● Task statement: From the data below, repeat exactly the lines from the line with "4、輸入手機(jī)號(hà" to the line with "(1 komad) |", both included.

● Exercise input:
#####
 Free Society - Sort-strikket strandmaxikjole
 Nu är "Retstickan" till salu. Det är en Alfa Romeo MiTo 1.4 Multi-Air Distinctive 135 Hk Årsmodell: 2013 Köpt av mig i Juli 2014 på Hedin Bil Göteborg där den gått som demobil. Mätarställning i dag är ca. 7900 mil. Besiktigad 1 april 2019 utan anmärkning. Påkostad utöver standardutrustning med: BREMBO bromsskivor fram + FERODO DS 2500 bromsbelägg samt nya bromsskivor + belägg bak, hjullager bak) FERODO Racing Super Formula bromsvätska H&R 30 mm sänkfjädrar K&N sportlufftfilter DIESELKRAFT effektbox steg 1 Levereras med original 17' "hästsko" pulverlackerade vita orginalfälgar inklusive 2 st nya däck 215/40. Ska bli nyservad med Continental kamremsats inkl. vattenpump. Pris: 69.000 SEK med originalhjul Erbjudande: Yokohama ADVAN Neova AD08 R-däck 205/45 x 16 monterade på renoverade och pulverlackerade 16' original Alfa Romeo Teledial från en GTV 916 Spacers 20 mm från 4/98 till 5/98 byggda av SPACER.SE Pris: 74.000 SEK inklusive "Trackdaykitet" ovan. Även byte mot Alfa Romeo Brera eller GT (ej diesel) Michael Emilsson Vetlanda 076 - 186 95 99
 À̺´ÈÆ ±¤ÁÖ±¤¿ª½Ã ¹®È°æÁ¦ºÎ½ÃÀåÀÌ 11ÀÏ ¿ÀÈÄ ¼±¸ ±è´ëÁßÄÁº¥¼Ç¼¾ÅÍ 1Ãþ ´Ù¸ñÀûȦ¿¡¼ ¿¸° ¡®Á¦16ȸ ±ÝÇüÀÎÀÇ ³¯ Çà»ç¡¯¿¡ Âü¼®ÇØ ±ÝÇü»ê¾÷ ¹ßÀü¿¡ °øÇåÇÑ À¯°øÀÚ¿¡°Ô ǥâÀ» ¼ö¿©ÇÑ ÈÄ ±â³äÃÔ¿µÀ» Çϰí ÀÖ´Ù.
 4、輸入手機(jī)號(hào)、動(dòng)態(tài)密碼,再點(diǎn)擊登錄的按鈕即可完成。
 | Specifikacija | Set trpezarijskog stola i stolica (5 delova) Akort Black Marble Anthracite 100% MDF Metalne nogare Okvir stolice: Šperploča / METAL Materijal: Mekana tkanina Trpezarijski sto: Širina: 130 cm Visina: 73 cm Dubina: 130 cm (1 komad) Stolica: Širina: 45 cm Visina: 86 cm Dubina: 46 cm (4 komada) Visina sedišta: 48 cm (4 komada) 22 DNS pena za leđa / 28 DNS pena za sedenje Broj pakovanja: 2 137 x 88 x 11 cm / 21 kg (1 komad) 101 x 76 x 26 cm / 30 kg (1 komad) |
#####
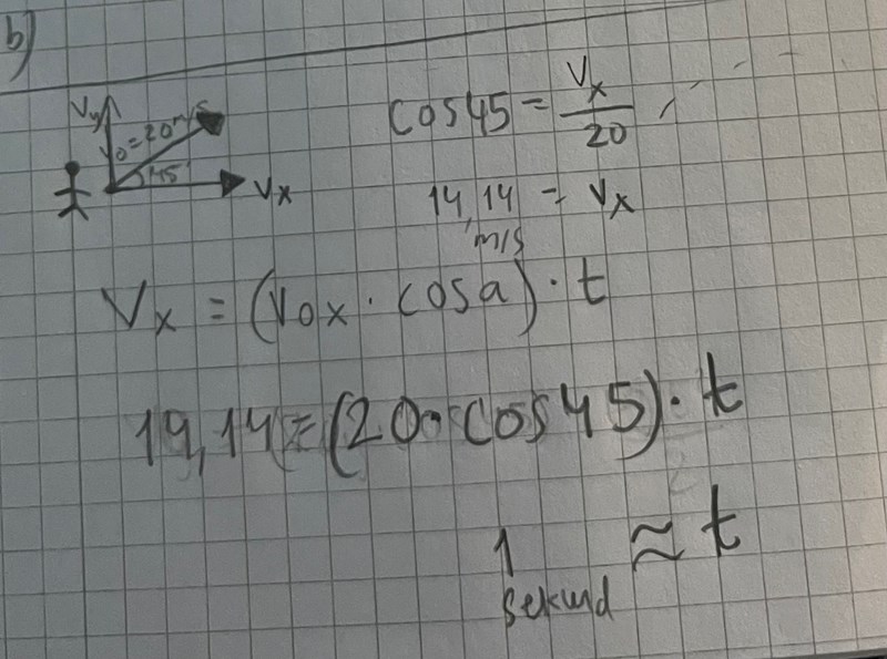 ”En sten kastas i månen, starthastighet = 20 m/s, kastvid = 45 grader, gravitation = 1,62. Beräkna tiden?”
#####
● Answer area:
 4、輸入手機(jī)號(hào)、動(dòng)態(tài)密碼,再點(diǎn)擊登錄的按鈕即可完成。
 | Specifikacija | Set trpezarijskog stola i stolica (5 delova) Akort Black Marble Anthracite 100% MDF Metalne nogare Okvir stolice: Šperploča / METAL Materijal: Mekana tkanina Trpezarijski sto: Širina: 130 cm Visina: 73 cm Dubina: 130 cm (1 komad) Stolica: Širina: 45 cm Visina: 86 cm Dubina: 46 cm (4 komada) Visina sedišta: 48 cm (4 komada) 22 DNS pena za leđa / 28 DNS pena za sedenje Broj pakovanja: 2 137 x 88 x 11 cm / 21 kg (1 komad) 101 x 76 x 26 cm / 30 kg (1 komad) |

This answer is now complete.